Marjolene and I will always cherish the memory of what turned out to be LeRoy’s last good day in this life, November 22. We spent time together over a meal after picking Susan up at the airport. He had a spark we hadn’t seen for a while. We will not soon forget those final hours with him and his family at the hospital on December 1. It was bitter and sweet, painful and precious.
I was away on Conference business the day of LeRoy’s memorial service. The difficulty I felt following through with plans was lightened by thoughts of what LeRoy would want me to do. I can picture him with hand pressed against the side of his face and a twitch in his head, saying reassuringly, “That’s perfectly fine, Brother Whaid. You should go on.”

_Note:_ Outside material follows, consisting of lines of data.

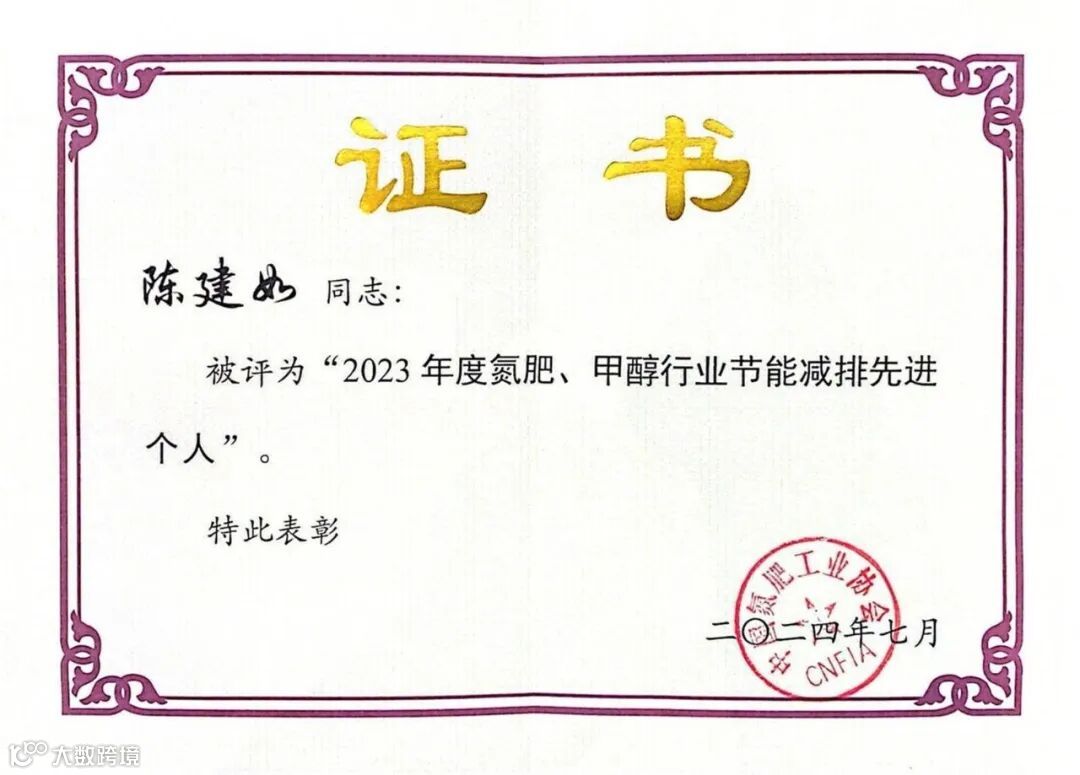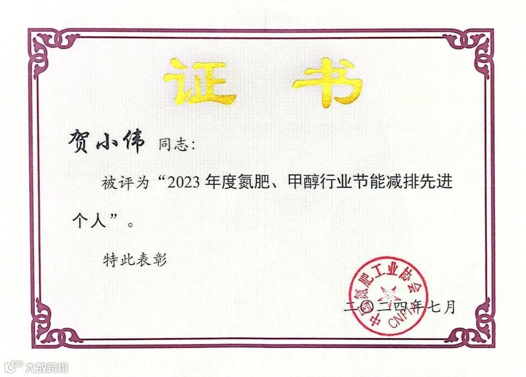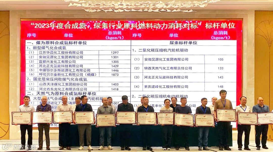 会上,中国氮肥工业协会对“2023年度合成氨、尿素行业原料燃料动力消耗行业对标“标杆单位进行颁奖授牌,并发布“2023年度氮肥、甲醇行业节能减排先进单位和先进个人”名单。华昌化工获评“2023年度氮肥、甲醇行业节能减排先进单位”,华昌化工党委书记、副总经理贺小伟,工艺总工程师陈建如获得“2023年度氮肥、甲醇行业节能减排先进个人”荣誉称号。
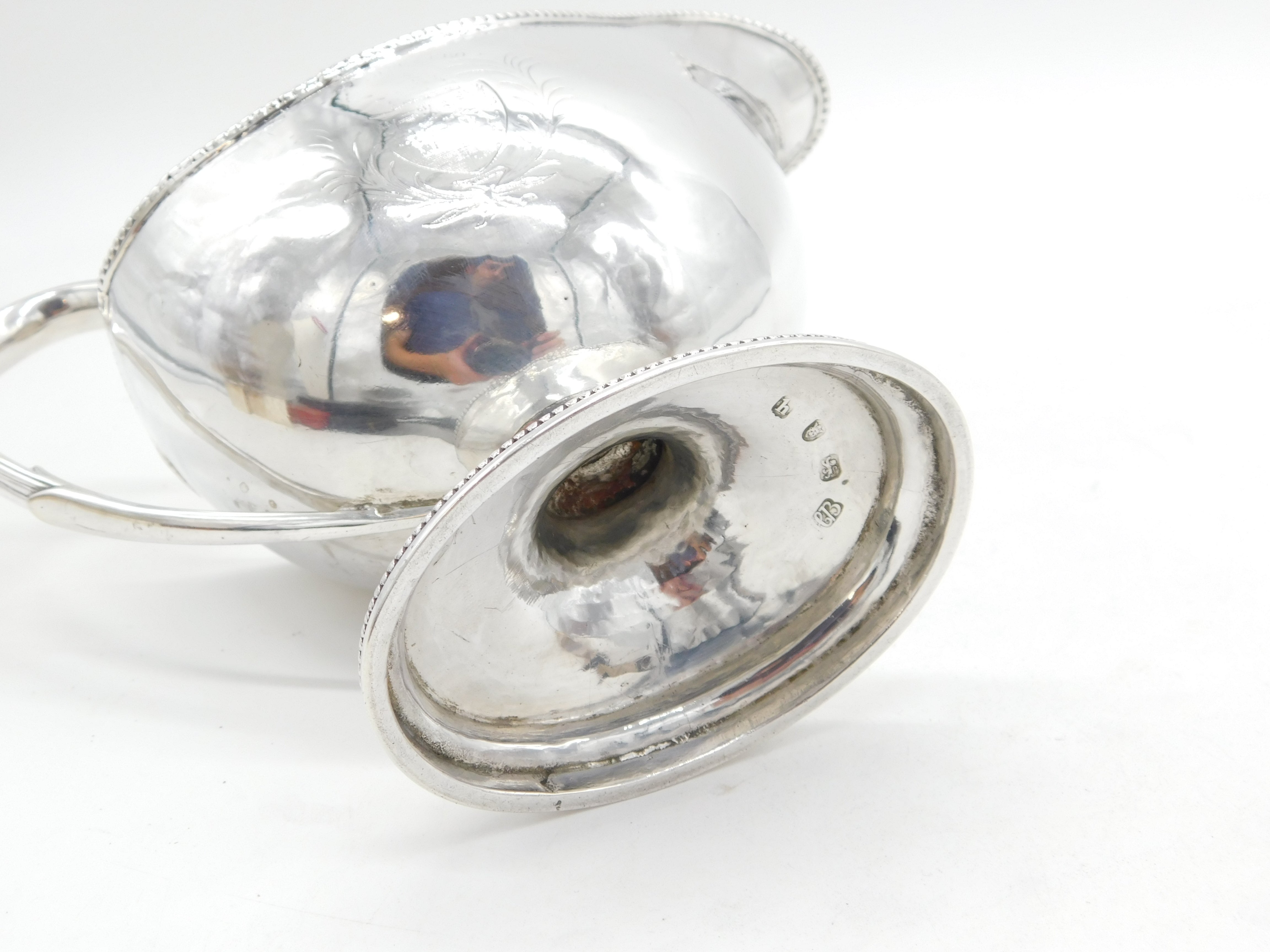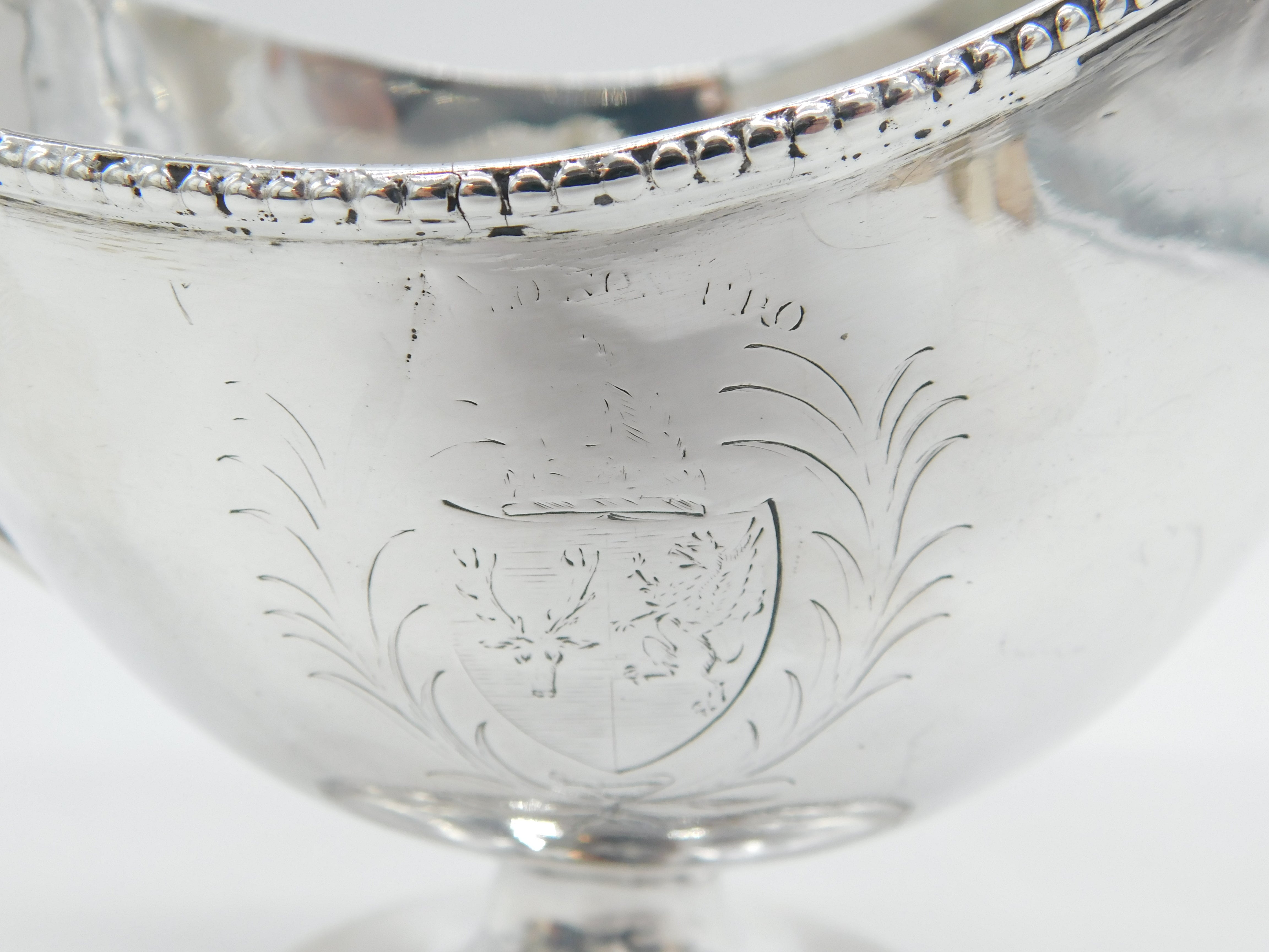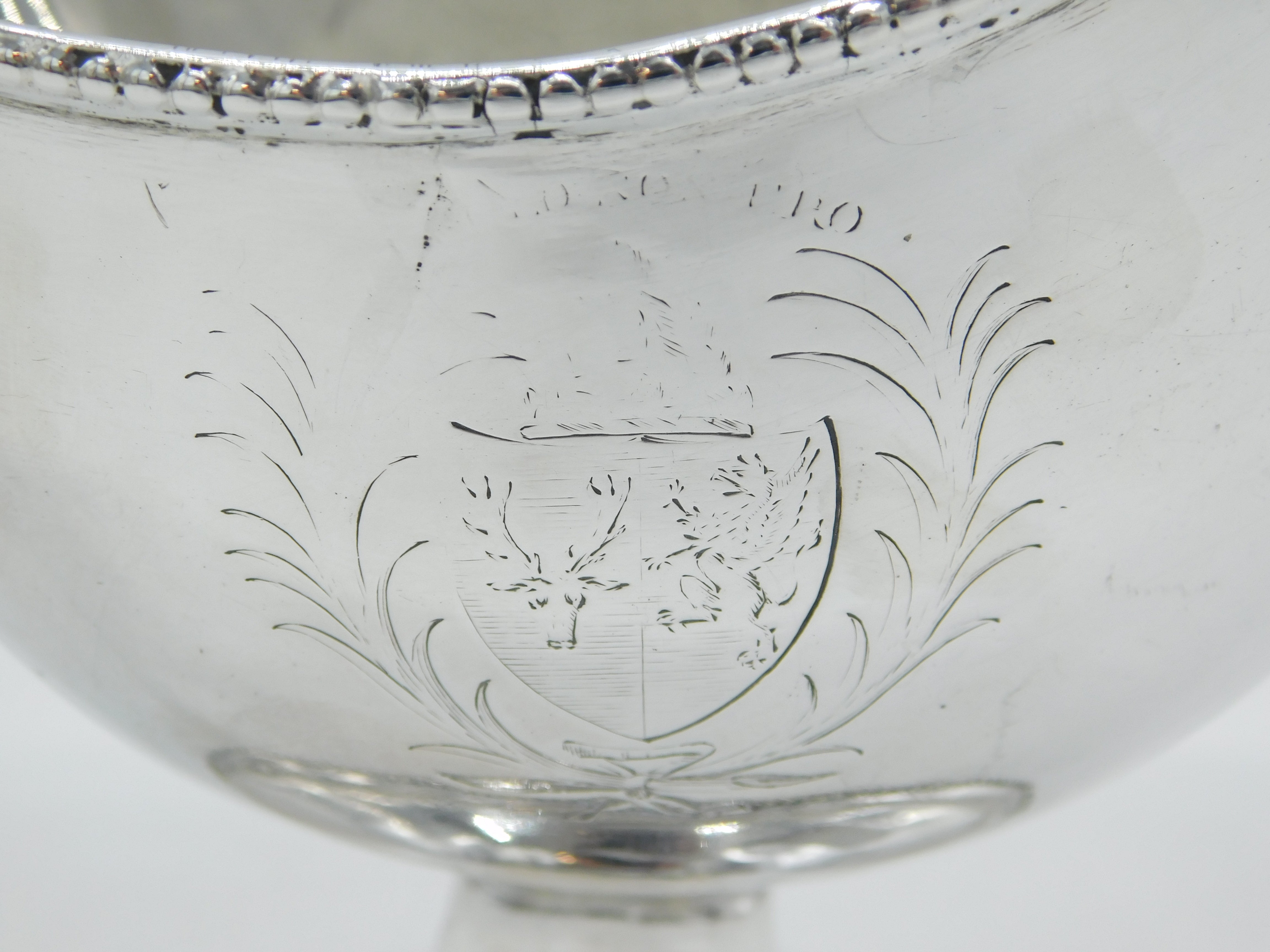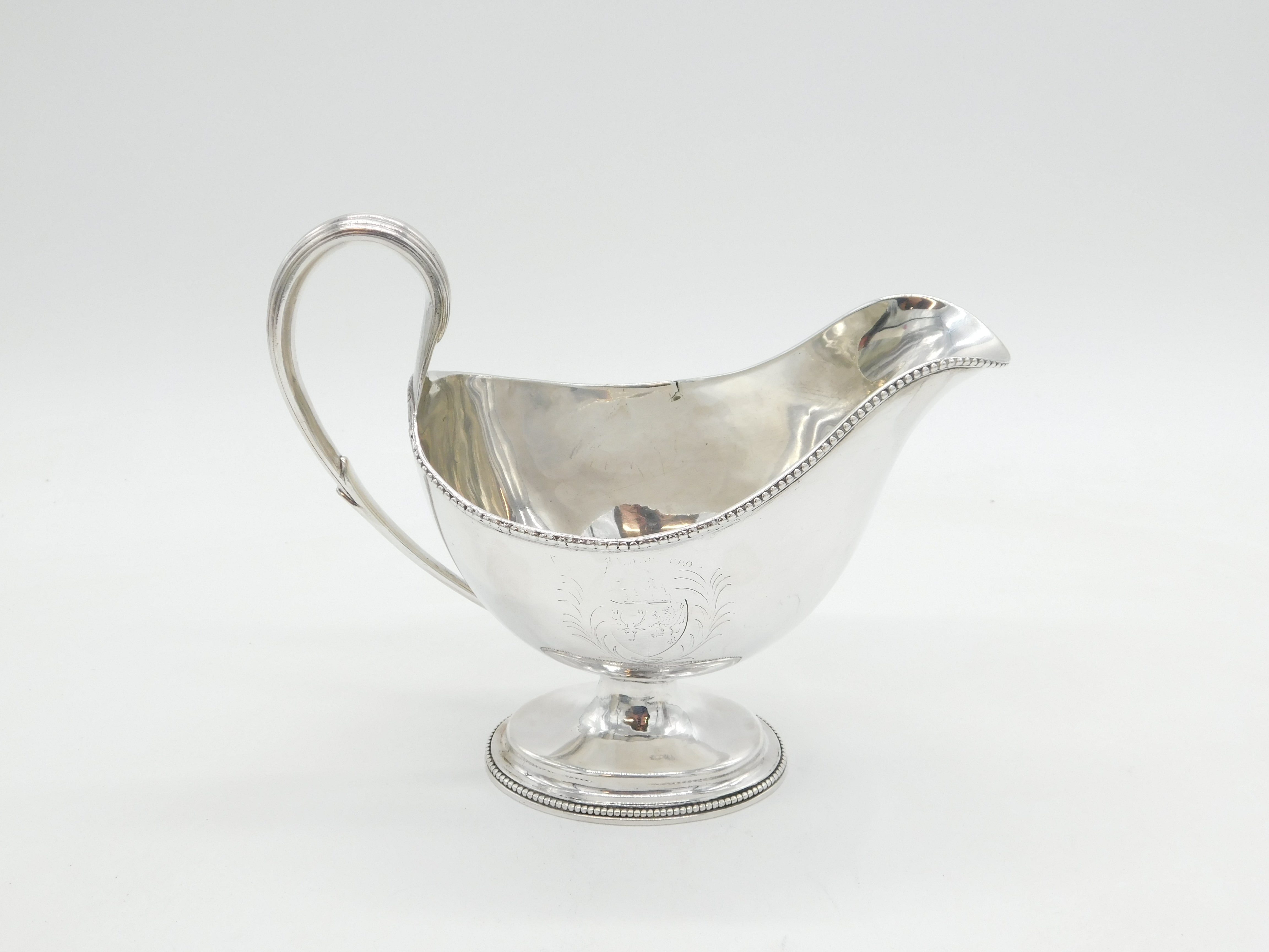 Details: A fantastic and wonderfully designed antique georgian large sterling silver pedestal cream jug with charming heraldic crest to the front edge, lovely scrolled handled and beaded rim, hallmarked London 1783 by prestigious silversmith Hester Bateman. Repair to where the handle meets the main body, small split in the silver to the reverse edge. This is a wonderful item that would make a perfect gift or addition to any collection.
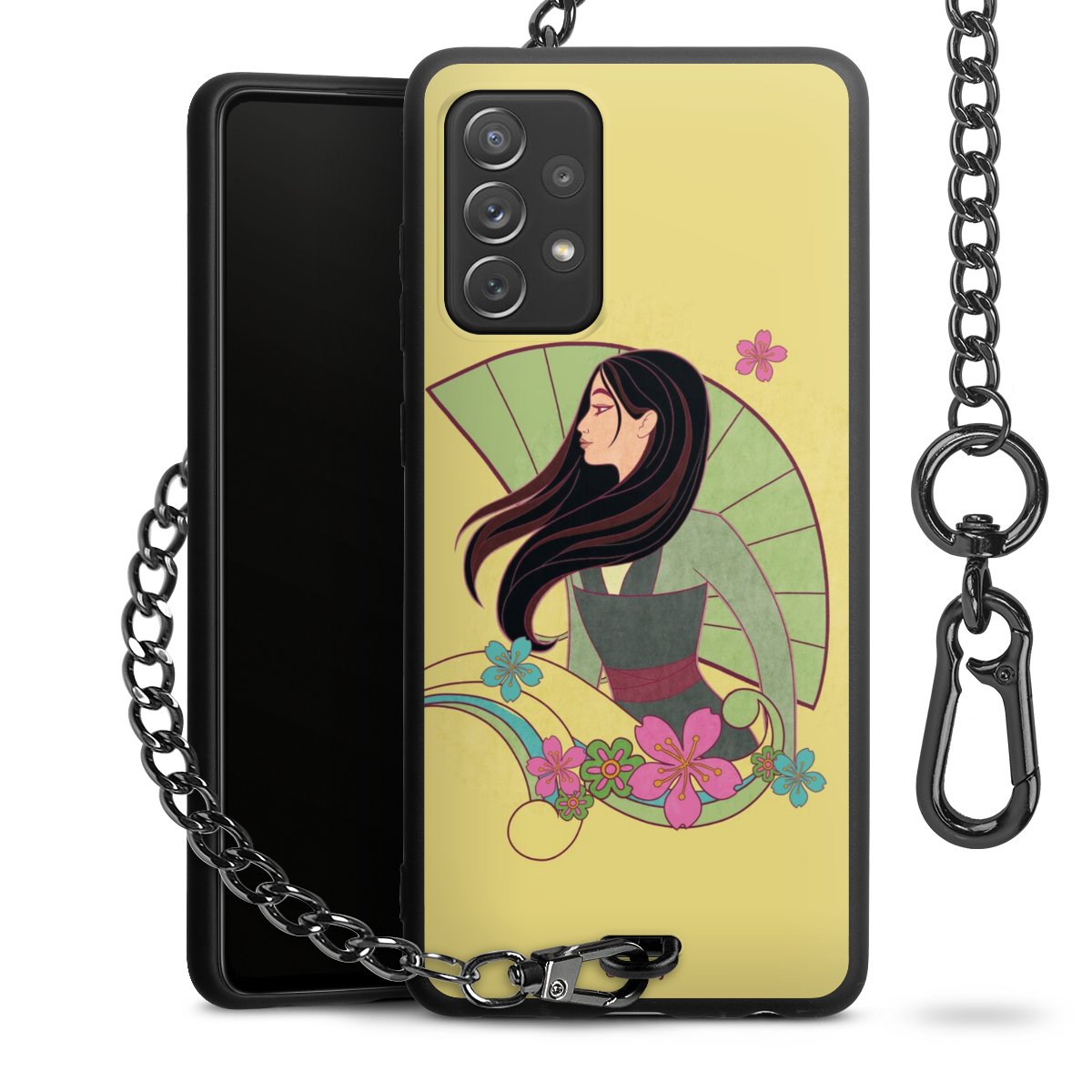 • Mattschwarze Handyhülle mit Metallkette
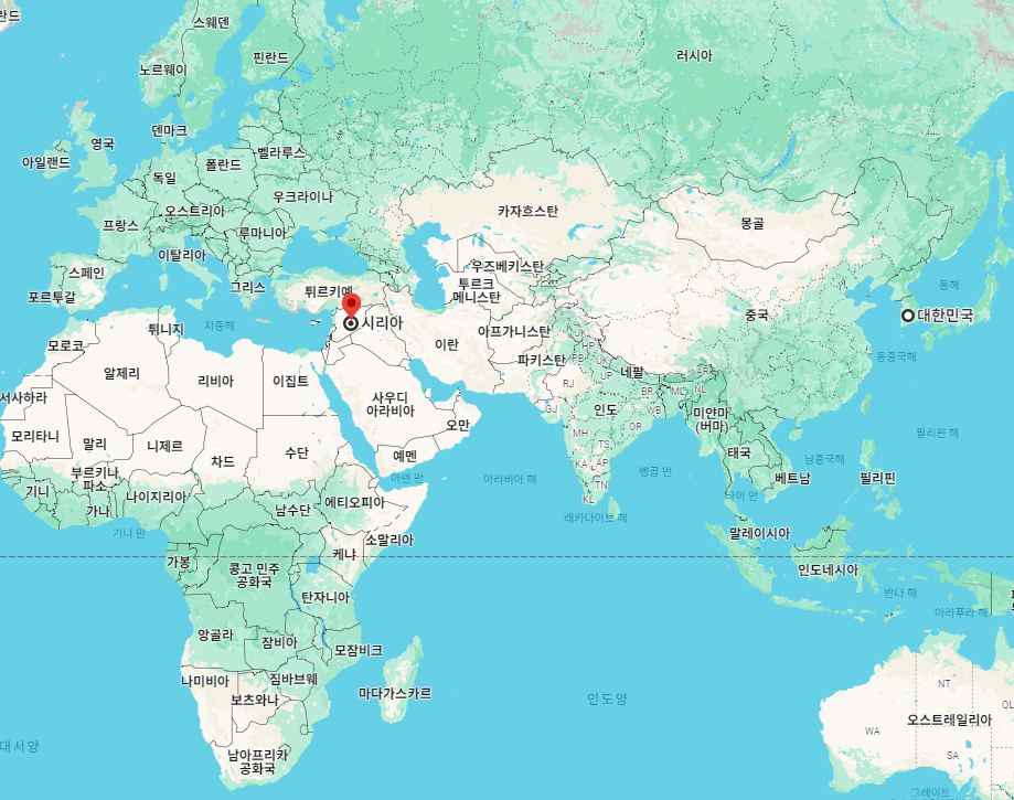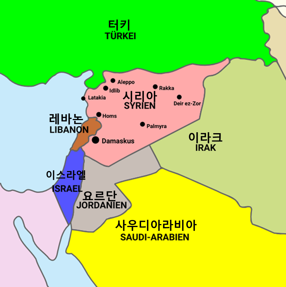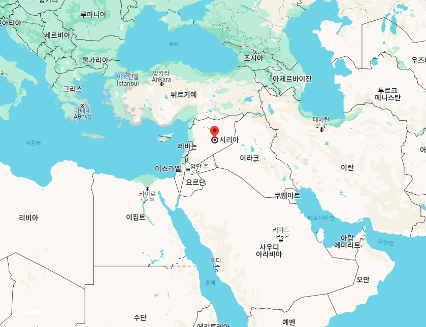 시리아"Syria"는 아시아 남서쪽, 지중해 동부 연안에 있는 국가로 북쪽으로는 터키, 동쪽으로는 이라크, 서쪽으로는 레바논과 지중해, 그리고 남쪽으로는 요르단, 이스라엘과 접해있습니다.

Therefore, on behalf of the entire General Conference family across this continent, I extend love and condolences to the Dais family. Thank you, Hope, Bryan, Susan, Craig, and Linda for sharing him with us. Thank you, LeRoy, for showing us how to live, love, serve, and finish well. Thank You, Lord, for giving the Church of God (Seventh Day) such a beautiful gift in LeRoy Dais. And thanks too, Lord, for the comfort of Your Word:
Precious in the sight of the Lord is the death of His saints (Psalm 116:15, NKJV).
Then I heard a voice from heaven saying to me, “Write: ‘Blessed are the dead who die in the Lord from now on.’”
“Yes,” says the Spirit, “that they may rest from their labors, and their works follow them” (Revelation 14:13, NKJV).
It’s been said that a tree is best measured when it is down. We’re now getting an even better perspective on the impact of this one life. Our church’s Sabbath heritage began with a search for the most honest man in Battle Creek. LeRoy could easily have been that man; his life fits that profile.
The book that should have been written about him? I would title it LeRoy Dais: Quiet Strength.